It seems that both gcc and icc also have options specifically aimed at the problem:
Gnu compilers default to observing parentheses in accordance with language standards. Traditional C K&R behavior of permitting elision of parentheses according to algebraic rules is included in gcc –ffast-math and icc –fp-model fast.
Gfortran sets –fprotect-parens as a default even under –ffast-math, so that no normally used options will violate parentheses:
http://gcc.gnu.org/onlinedocs/gfortran/Code-Gen-Options.html
Apparently this was default for gcc only for the version which first introduced the option, and the option was later withdrawn, so gcc (and icc) don’t allow for using parentheses to control associativity under normally aggressive optimizations.
Ifort has the option –assume protect_parens for this purpose. With the addition of ,minus0 clause this may be enough for Fortran 95 standard compliance.
In order to set observance of parentheses (gcc –fprotect-parens) in icc without disabling other aggressive optimizations, the combination –fp-model source –ftz –fast-transcendentals –no-prec-div –no-prec-sqrt may be set. This may be a frequently needed setting for Intel® Xeon Phi™. For Intel® Xeon host, of these options, only –fast-transcendentals has a consistently large effect on performance.

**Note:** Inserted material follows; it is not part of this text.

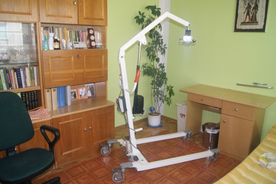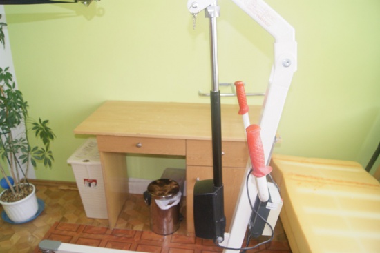 Posiadam do sprzedania używany podnośnik ułatwiający opiekę nad osobą leżącą, nie mogącą samodzielnie wstawać i poruszać się. Specjalna płachta mocowana do wysięgnika umożliwia podniesienie niepełnosprawnego w pozycji leżącej, przetransportowanie do innego pomieszczenia np. wanny w celu wykąpania. Urządzenie posiada zasilanie akumulatorowe umożliwiające podnoszenie i opuszczanie osoby o wadze do 135 kg . Sterowanie pilotem połączonym kablowo. Urządzenie sprawne i kompletne. Cena 1000,00 zł. Odbiór osobisty lub możliwość przywiezienia podnośnika do kupującego
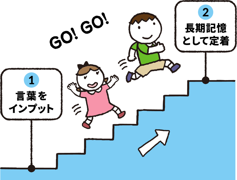 いきなり会話から始めるのではなく、まずは土台となる言葉をインプットします。だから英語に親しみながら、将来アウトプットするための力を無理なく蓄えられます。

Among well-known algorithms which will break when the compiler elides parentheses is Kahan summation. Consistent elimination of parentheses could reduce Kahan summation to a standard lower accuracy vectorizable sum. Inconsistent K&R treatment (or inconsistent extra precision) produces incorrect (not simply lower accuracy) results.
Intel compilers don’t recognize common sub-expressions unless they are parenthesized, and an option is set to observe the parentheses, e.g.
a1 *= ((d1 *(e1 + f1)+ e1 * f1) + c1 *((e1 + f1) + d1))
+ b1 *(((e1 + f1) + d1) + c1);
b1 *= (d1 *(e1 + f1)+ e1 * f1) + c1 *((e1 + f1) + d1);
while other compilers don’t need the extra parentheses as long as the common subexpressions match during left to right evaluation. In this code fragment, there are 5 repeated add instructions which may be eliminated, although the Intel compilers will replace some by equally time-consuming copy (move) instructions. The difference in performance may be quite large when fused multiply-add instructions are used.
Additional named assignments for local sub-expressions are undesirable, particularly in parallelized code, as they increase register pressure and invite the compiler not to perform register optimization.
But when these things came to be isn't clear. That said; the Kahan summation algorithm goes back to 1989; and compiler writers have been aware of it for a long time.
Of course; that says nothing about the various programmers who've had their hands on this code since.